To solve for the magnitude of the resultant vector and the angle it makes with the positive x-axis, we can break the vectors $\vec{v}$ and $\vec{w}$ into their components, add the components to find the resultant vector, and then calculate the magnitude and direction of the resultant.

Step 1: Find the components of $\vec{v}$ and $\vec{w}$

1. Vector $\vec{v}$:
   • Magnitude = 5
   • Direction angle = 140° (measured from the positive x-axis)

The components of $\vec{v}$ are given by: $v_x = |\vec{v}| \cdot \cos(\theta_v) = 5 \cdot \cos(140^\circ)$ $v_y = |\vec{v}| \cdot \sin(\theta_v) = 5 \cdot \sin(140^\circ)$

Using a calculator: $v_x = 5 \cdot \cos(140^\circ) \approx -3.83$ $v_y = 5 \cdot \sin(140^\circ) \approx 3.83$

Thus, the components of $\vec{v}$ are: $\vec{v} = (-3.83, 3.83)$

2. Vector $\vec{w}$:
   • Magnitude = 3
   • Direction angle = 70°

The components of $\vec{w}$ are: $w_x = |\vec{w}| \cdot \cos(\theta_w) = 3 \cdot \cos(70^\circ)$ $w_y = |\vec{w}| \cdot \sin(\theta_w) = 3 \cdot \sin(70^\circ)$

Using a calculator: $w_x = 3 \cdot \cos(70^\circ) \approx 1.03$ $w_y = 3 \cdot \sin(70^\circ) \approx 2.82$

Thus, the components of $\vec{w}$ are: $\vec{w} = (1.03, 2.82)$

Step 2: Find the components of the resultant vector

Now, add the components of $\vec{v}$ and $\vec{w}$ to get the components of the resultant vector $\vec{R}$.
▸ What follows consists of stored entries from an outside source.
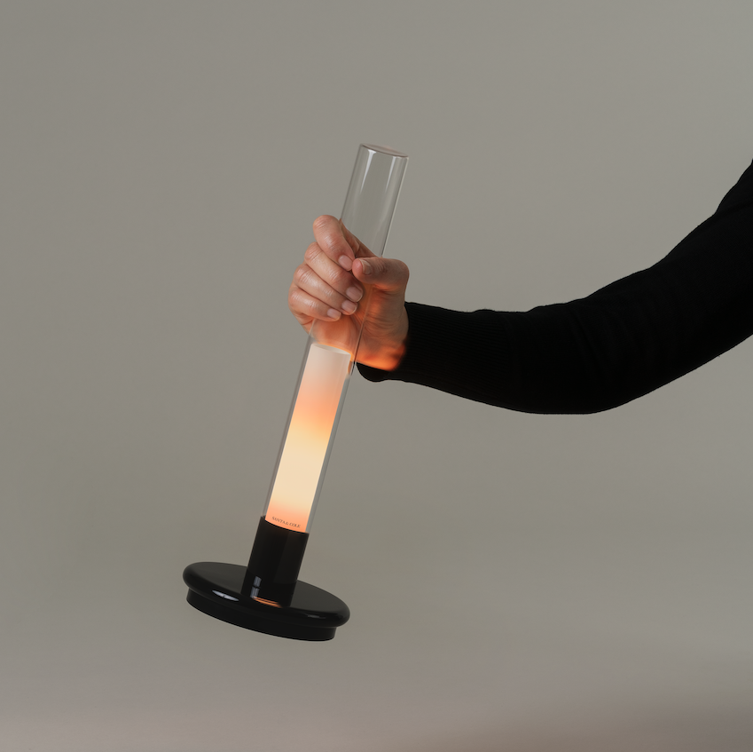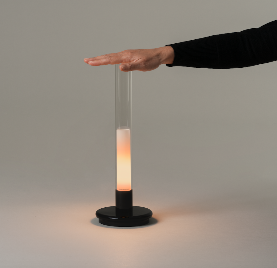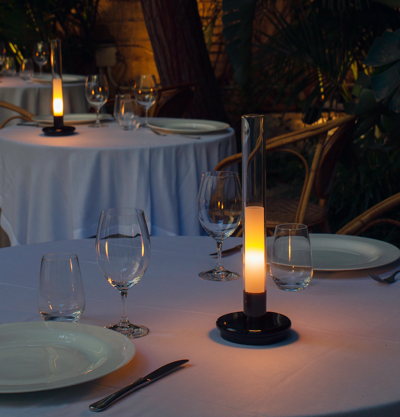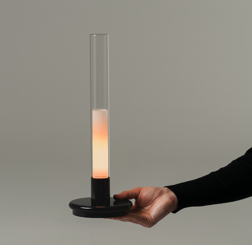 The Sylvestrina lamp follows you around. Freed from the moorings of electric wires, now it lights up any conversation, including in its usual place, resting on a table.
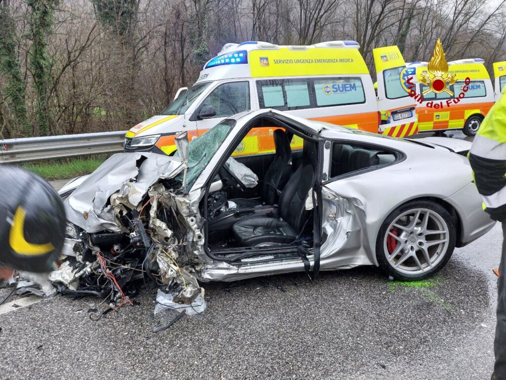 VENETO – Porsche Carrera si schianta contro furgone: tre feriti
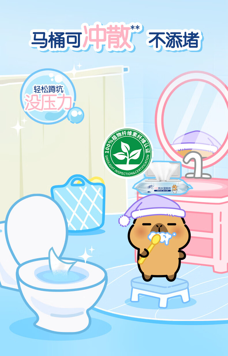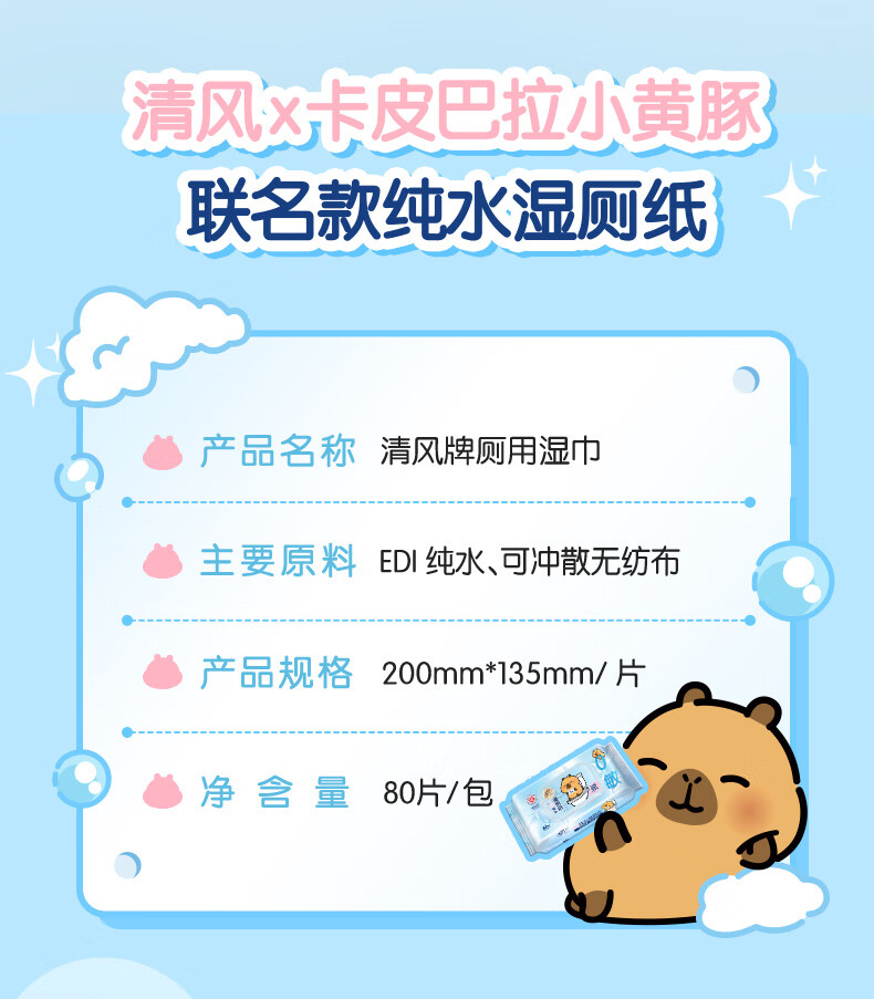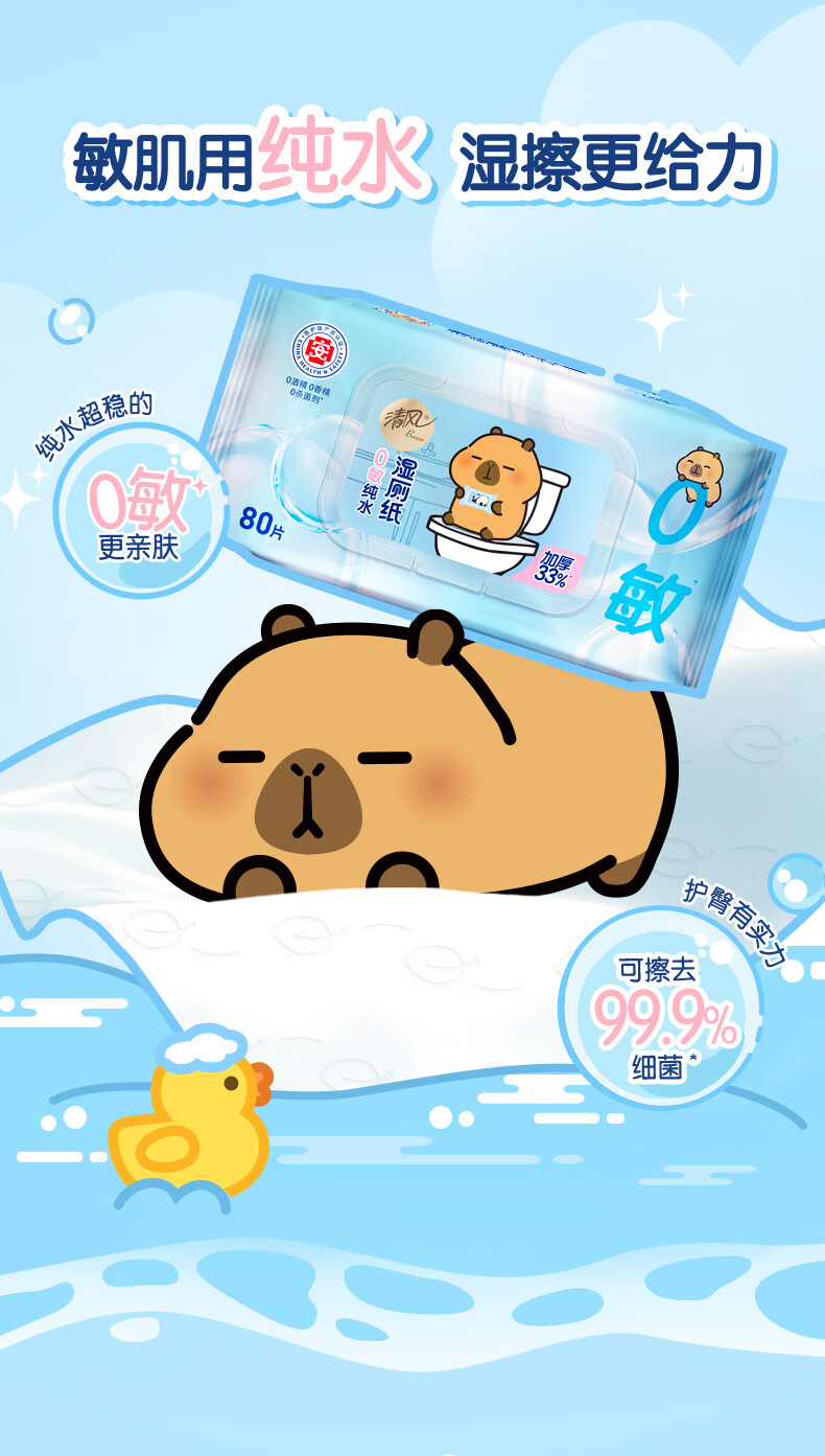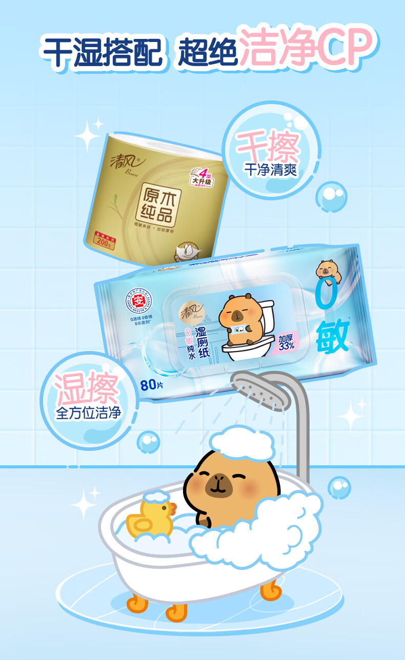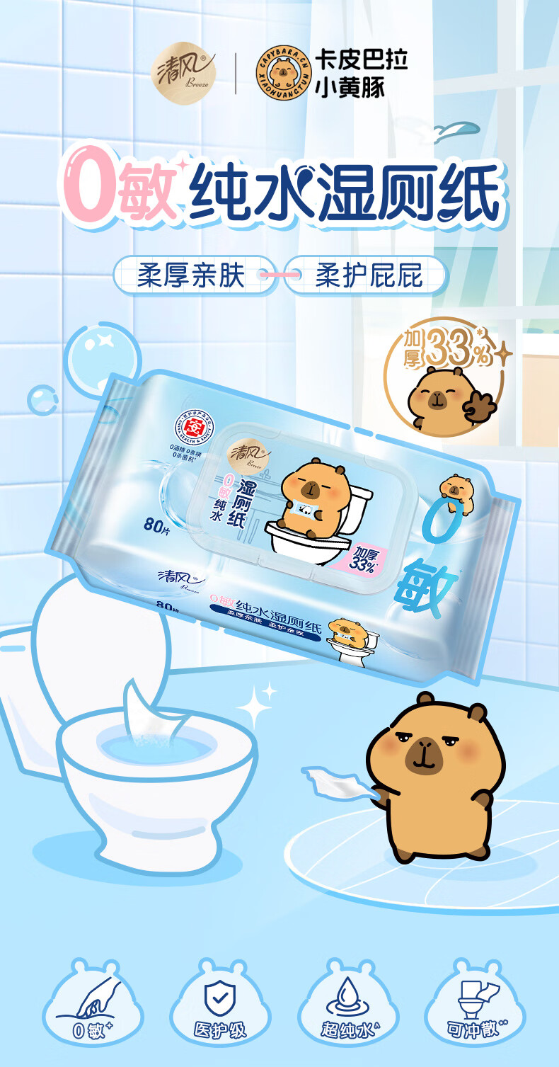 清风纯水湿厕纸80片*5包400片 医护认证 搭配卷纸 湿纸巾湿巾
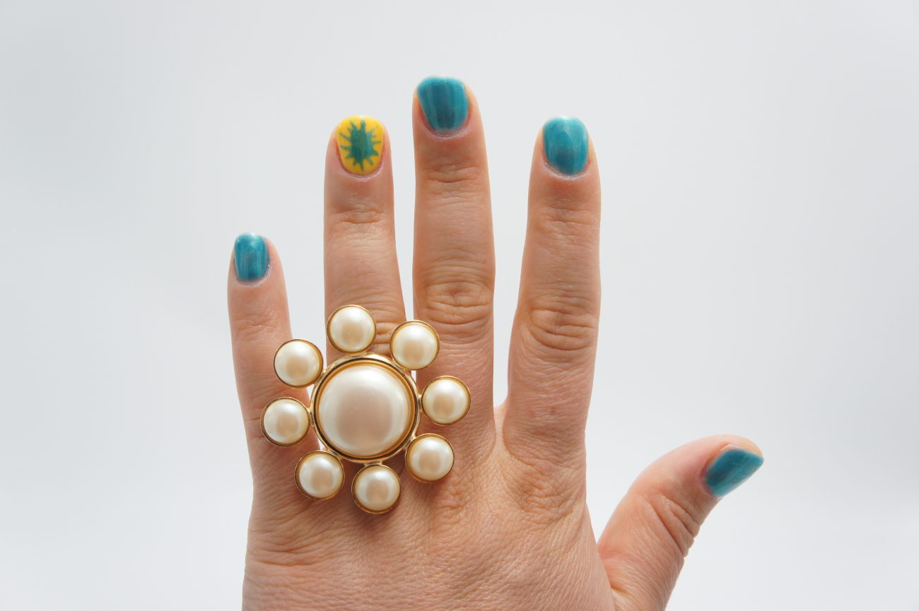 Golden ring with pearls, adjustable size
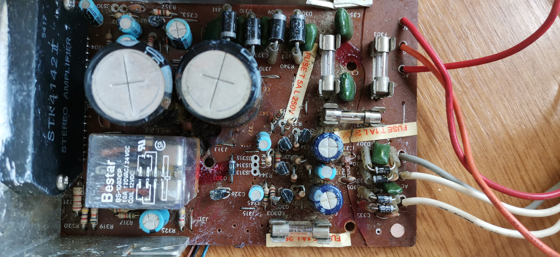 Cseréld ki a kis kerámiakondenzátorokat legalább 100V-ra, vagy méginkább 500V-os kerámia kondenzátorokra, mindegyiket, mindenféle mérés nélkül! Sokszor ezek okolhatók gerjedésért, melegedésért és megmagyarázhatatlan hibákért, tönkremenetelért. A táp hidegítő és szűrőkondenzátorokat érdemes mérni és cserélni, ha szükséges.
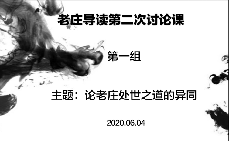 老庄导读课程的第二次讨论会共分两组进行,6月4日下午4时30分,第一组讨论课正式开始。本组讨论课的主题是《论老庄处世之道的异同》,参与讨论的汇报人共有7位,他们分别是来自哲学与政府管理学院的郑心怡,来自生命科学学院的高愉涵、刘兢哲、孙彤;来自外国语学院的张玲鹭,来自地理科学学院的冯刚,和来自物理信息学院的李嘉欣。何大海老师作为本组讨论课的指导教师,全程参与了讨论。
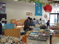 茶臼山山頂の土産物店で家族へのお土産を選びました。ちなみに私は「ピリカラ卵」に「五平餅」を購入です。 |
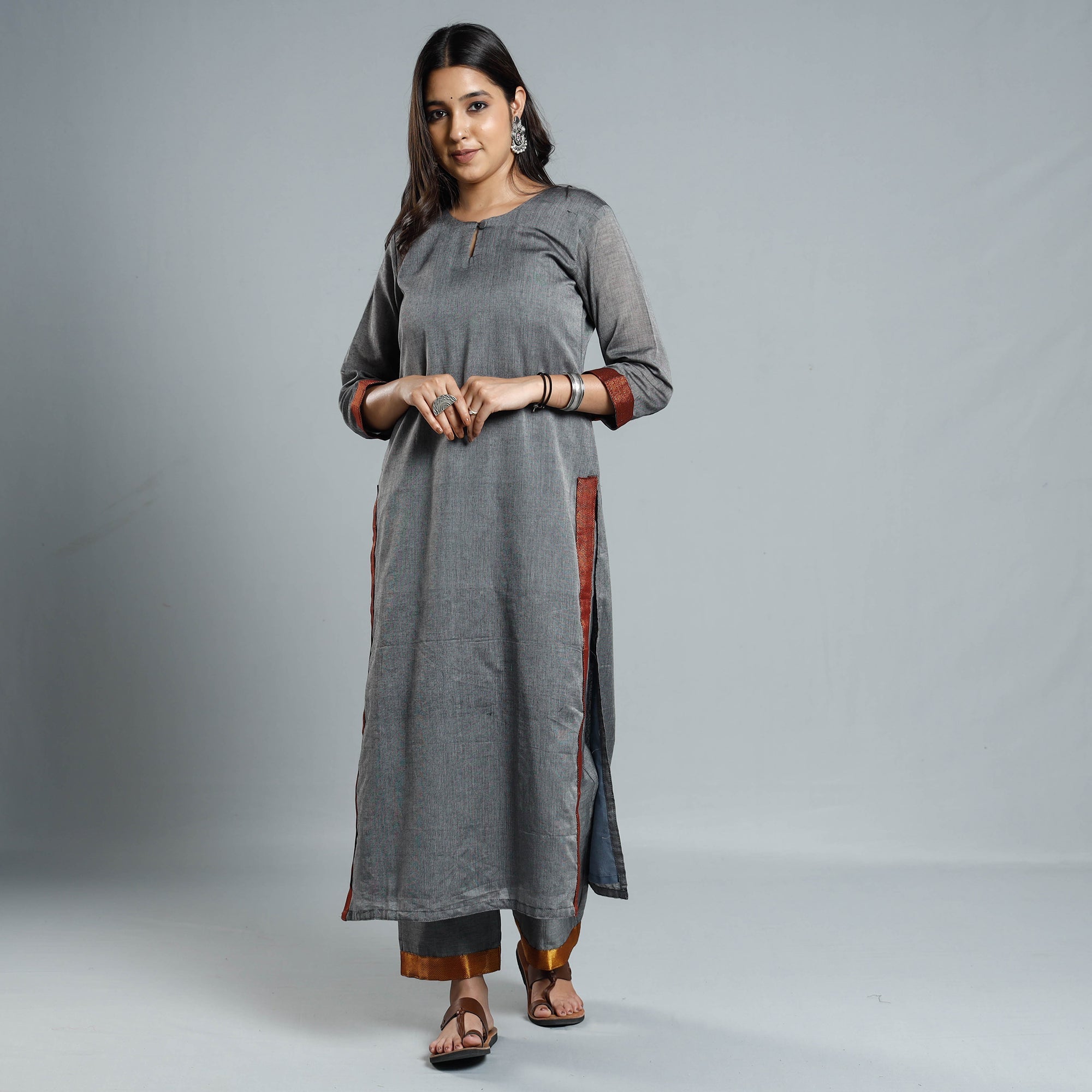 Look and feel beautiful in this uniquely designed dharwad stitched cotton long kurta with palazzo & dupatta set. This suit set contains a cotton kurta, palazzo, and cotton dupatta. The kurta has one side pocket, and the palazzo has two side pockets. This cotton suit makes you comfortable with ease all day long. This suit is perfect for your daily outing and for a special occasion.
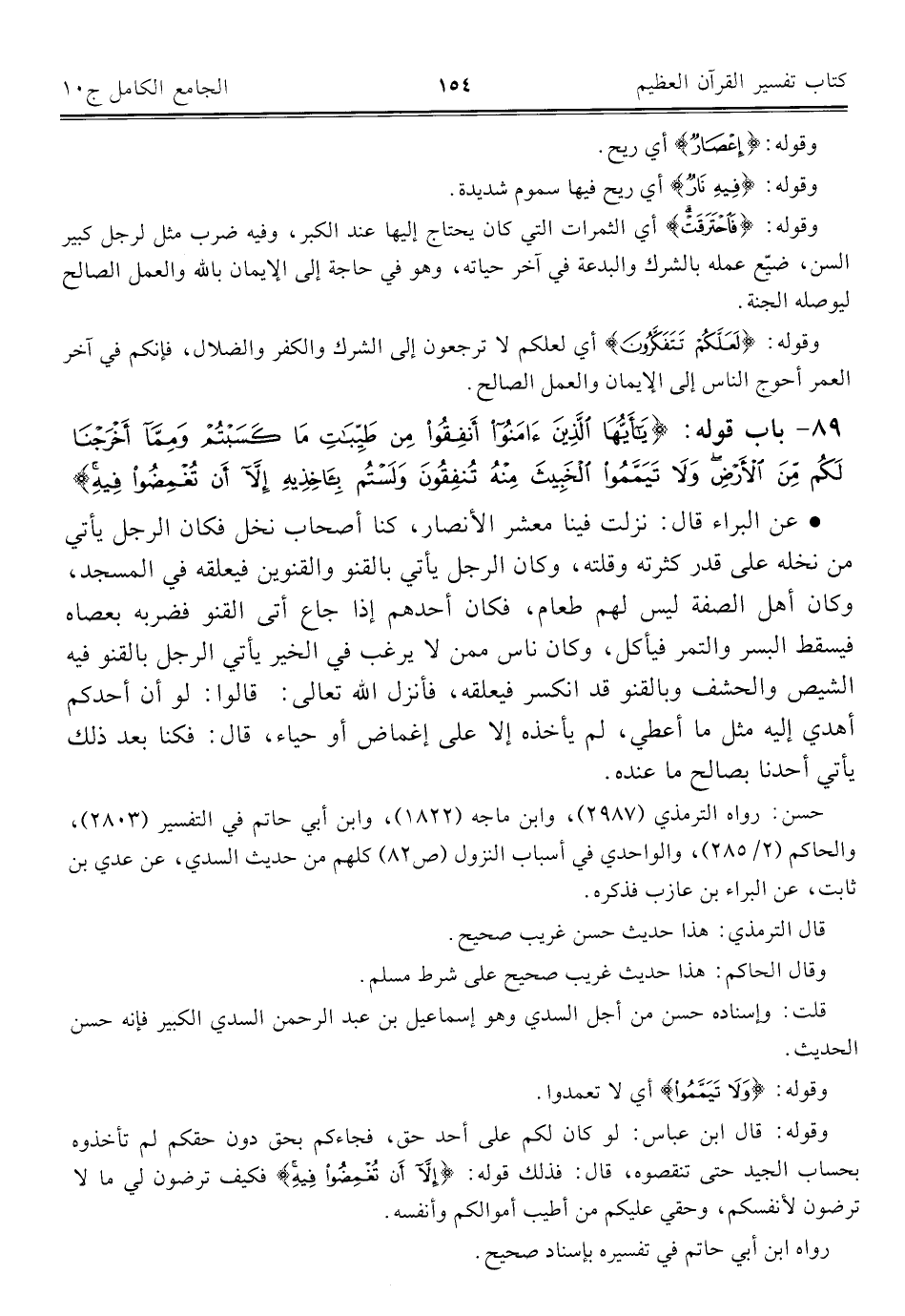 حسن: رواه الترمذيّ (٢٩٨٧)، وابن ماجه (١٨٢٢)، وابن أبي حاتم في التفسير (٢٨٠٣)، والحاكم (٢/ ٢٨٥)، والواحدي في أسباب النزول (ص ٨٢) كلهم من حديث السدي، عن عدي بن ثابت، عن البراء بن عازب فذكره.
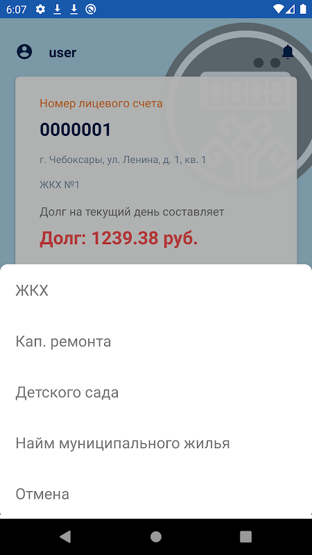 Conto Personale - un servizio comodo ed intuitivo di entrare letture contatori, ricevute di pagamento di servizi di utilità e la consegna di reclami e ricorsi alle società di gestione di Chuvashia.
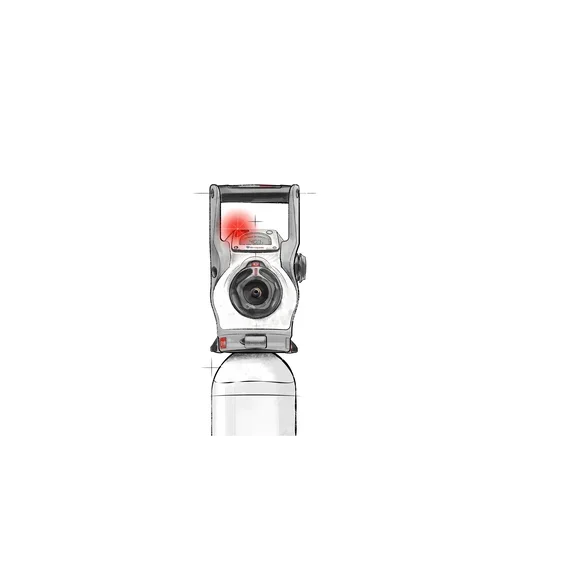 - Permanente Anzeige des Inhalts in Litern und in bar, selbst bei geschlossenem Ventil
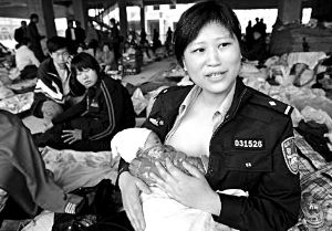 巡邏中的蔣曉娟發(fā)現(xiàn)了急需嬰兒奶粉的告示,還有安置點內(nèi)此起彼伏的嬰兒哭聲。正在哺乳期的她,前兩天已經(jīng)把6個月大的兒子送到了鄉(xiāng)下奶奶家。解開制服,蔣曉娟開始給那些素不相識卻嗷嗷待哺的孩子喂奶。
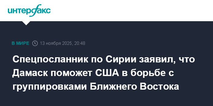 Москва. 13 ноября. INTERFAX.RU - Спецпосланник США по Сирии Томас Баррак заявил, что Сирия наравне с Вашингтоном будет противостоять различным террористическим формированиям на Ближнем Востоке.

$R_x = v_x + w_x = -3.83 + 1.03 = -2.80$ $R_y = v_y + w_y = 3.83 + 2.82 = 6.65$

So the resultant vector $\vec{R}$ has components: $\vec{R} = (-2.80, 6.65)$

Step 3: Calculate the magnitude of the resultant vector

The magnitude of the resultant vector $\vec{R}$ is given by: $|\vec{R}| = \sqrt{R_x^2 + R_y^2}$

Substitute the values: $|\vec{R}| = \sqrt{(-2.80)^2 + (6.65)^2} = \sqrt{7.84 + 44.22} = \sqrt{52.06} \approx 7.2$

Thus, the magnitude of the resultant vector is approximately: $|\vec{R}| \approx 7.2$

Step 4: Calculate the angle $\theta$ of the resultant vector

The angle $\theta$ of the resultant vector with respect to the positive x-axis is given by: $\theta = \tan^{-1}\left(\frac{R_y}{R_x}\right)$

Substitute the values: $\theta = \tan^{-1}\left(\frac{6.65}{-2.80}\right) \approx \tan^{-1}(-2.38) \approx -1.21 \, \text{radians}$

Convert this to degrees: $\theta = -1.21 \times \frac{180}{\pi} \approx -69.3^\circ$

Since the angle is negative, the resultant vector lies in the second quadrant. To get the angle with respect to the positive x-axis, we add 180°: $\theta = 180^\circ - 69.3^\circ = 110.7^\circ$

Thus, the angle of the resultant vector is approximately: $\theta \approx 110.7^\circ$

Final Answer:

• Magnitude of the resultant vector: $\boxed{7.2}$
• Angle with respect to the positive x-axis: $\boxed{110.7^\circ}$

Would you like further clarification or details on any part of the process?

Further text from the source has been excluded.